*** Opening of Dataset content ***

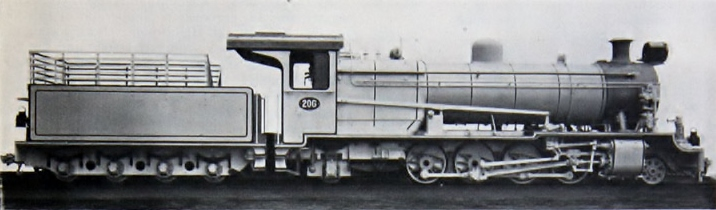 Vulcan Foundry works photo of Tanganyika Railway MK class locomotive no. 206 (side view).
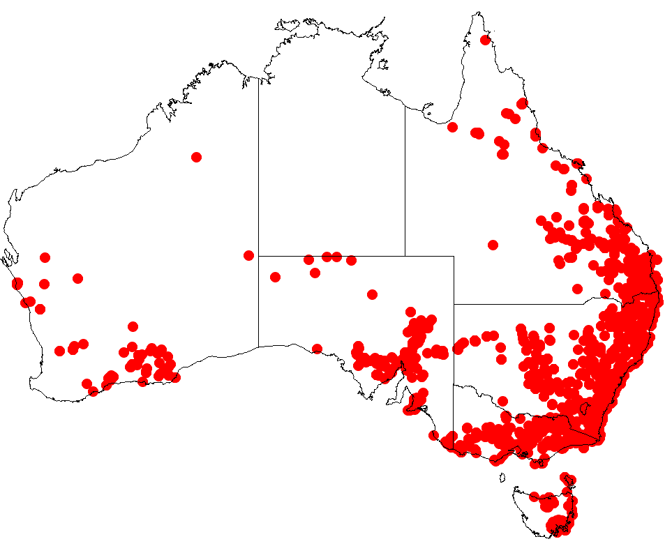 Indigofera australis downloaded 18 November 2018 from Australasian Virtual Herbarium
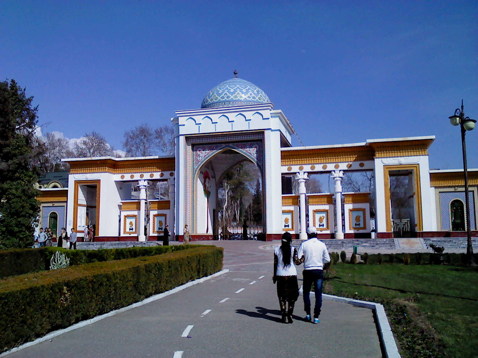 Botanical Garden, Dushanbe

*** Close of Dataset content ***

*What the task requires*
Could every line above be set down exactly, with the pictures omitted?

*Answer to this exercise*
 Vulcan Foundry works photo of Tanganyika Railway MK class locomotive no. 206 (side view).
 Indigofera australis downloaded 18 November 2018 from Australasian Virtual Herbarium
 Botanical Garden, Dushanbe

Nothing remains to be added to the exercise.